Reconnaitre la dyslexie chez les enfants

La recherche a démontré que les symptômes peuvent souvent être reconnus chez les enfants dès l’âge de 5 ans. Selon l’Association internationale de la dyslexie, les caractéristiques courantes que la dyslexie peut comprendre sont les suivantes:

  • Lacune au niveau de la conscience des sons des mots, comme l’ordre des sons, les rimes ou de l’enchainement des syllabes
  • Difficulté à décoder les mots ou à les identifier
  • Décodage difficile des chiffres ou des lettres lorsque lus ou écrits
  • Problèmes de compréhension de lecture
  • Difficulté à exprimer ses pensées à l’oral ou à l’écrit
  • Retard dans les étapes de développement (la parole ou les habiletés motrices globales)
  • Interprétation imprécise ou incomplète du langage parlé
  • Confusion dans l’orientation spatiale ou temporelle
  • Écriture irrégulière ou illisible
  • Difficulté en mathématiques, souvent reliée à l’ordre des étapes, à l’orientation spatiale ou au langage mathématique

La recherche nous indique aussi que souvent les personnes dyslexiques ne sont pas repérées avant la 3ème année. Selon le Dr Sally Shaywitz, auteure du livre Surmonter la dyslexie, “ il n’est pas inhabituel pour les dyslexiques de ne pas être identifiés comme tel jusqu’à l’adolescence ou l’âge adulte.’’ À ce moment,  les lacunes se sont accumulées et la rééducation peut prendre du temps.
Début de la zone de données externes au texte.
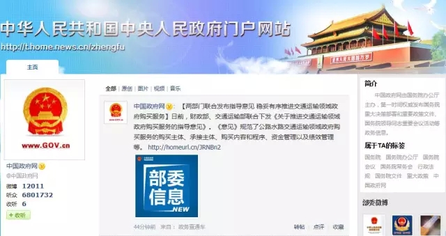 2013年10月開始,國務院官方微博分別在新華微博、人民微博、騰訊微博、新浪微博四大主體微博平臺上線,官方微信也同期推出,成為發(fā)布國務院領導同志政務活動信息、國務院重要會議信息、國務院和國務院辦公廳公開發(fā)布的政策文件及解讀稿件等政務信息的新媒體渠道。微博微信的推出拉近了中南海和普通民眾的距離,進一步提升了政府的透明度和公信力。

Les études concluent que le moment propice pour aborder les difficultés en lecture sont à la maternelle et en première année. Même s’il s’avère toujours possible d’aider un enfant plus âgé en lecture, après la troisième année, cela nécessitera une aide plus intensive. Plus on attend avant d’intervenir, plus ce sera difficile pour l’enfant de rattraper son retard. Une intervention précoce est donc la clé de la réussite.
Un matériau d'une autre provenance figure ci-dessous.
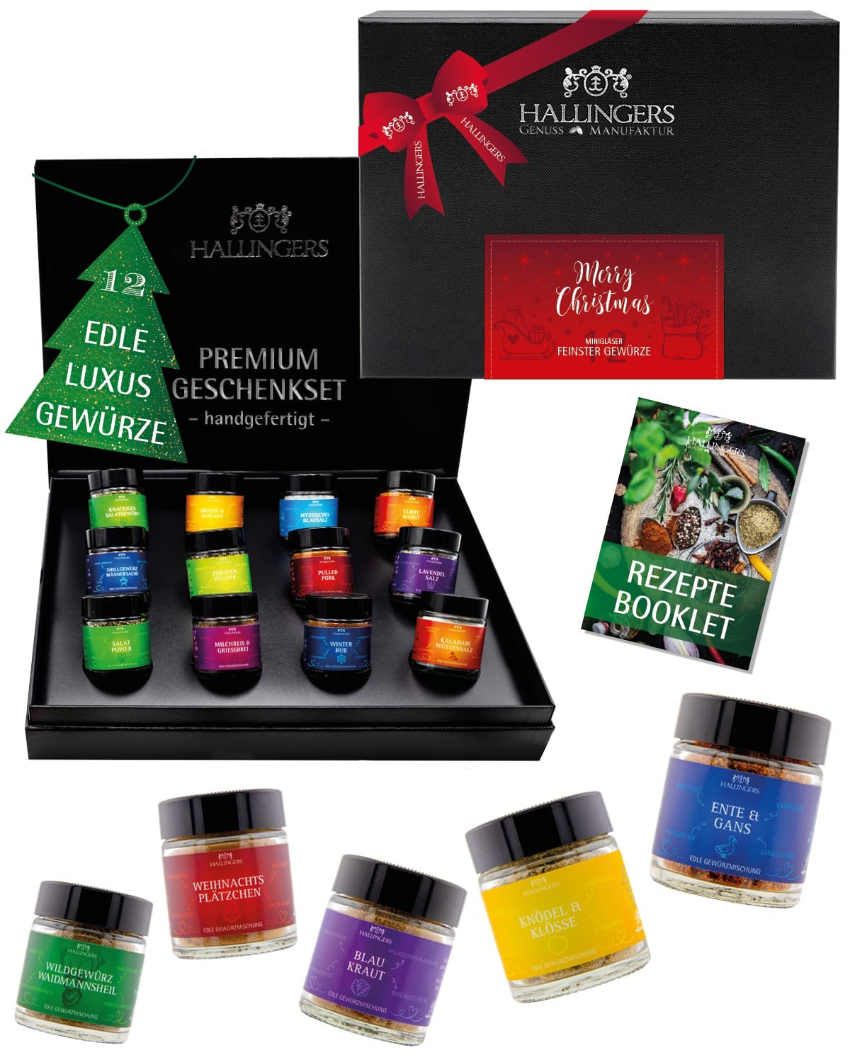 Gewürze Geschenkset Weihnachten – 12 Premium Gewürze aus aller Welt im Glas, edle Geschenkbox, Gewürze Set "Merry Christmas", Weihnachts Geschenkidee

Consultez la section Dépistage et évaluation disponible sur le site de la Clinique.

Les bonnes nouvelles!

Les avancées médicales, telle que l'imagerie par résonance magnétique (IRM), ont permis aux scientifiques de déterminer quelles sont les personnes dyslexiques qui ont un problème dans le réseau neuronal du cerveau, lequel affecte leur aptitude en lecture. Ce qui est extraordinaire, c’est que les chercheurs en plasticité du cerveau ont observé et conclu qu’avec une intervention appropriée en lecture, le cerveau humain peut commencer à se reprogrammer par lui-même en développant des voies neuronales alternatives après une année seulement, avec la mise en place d’un programme efficace qui inclut des pratiques d’enseignement multisensoriel. Les personnes dyslexiques peuvent apprendre et apprennent à lire!
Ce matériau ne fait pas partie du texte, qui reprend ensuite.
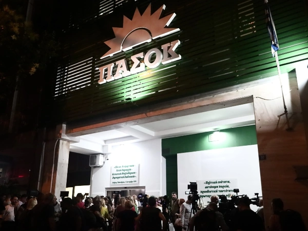 Ένταση προκλήθηκε λίγο πριν τις 23:30 έξω από τα γραφεία του ΠΑΣΟΚ στη Χαριλάου Τρικούπη, όπου ήταν συγκεντρωμένοι δημοσιογράφοι και υποστηρικτές του κόμματος.

Selon l’éminente chercheur, le docteur Sally Shaywitz, dans son livre Surmonter la dyslexie, les ingrédients clés d’un programme précoce d’intervention sont des apprentissages systématiques et directs de :

  • la conscience phonémique
  • la phonologie
  • la prononciation
  • l’épellation
  • la reconnaissance globale de mots
  • le vocabulaire et les concepts
  • les stratégies de compréhension en lecture

La méthodologie offerte à la Clinique d’apprentissage de la lecture Hudson est basée sur chacune de ces composantes de l’apprentissage.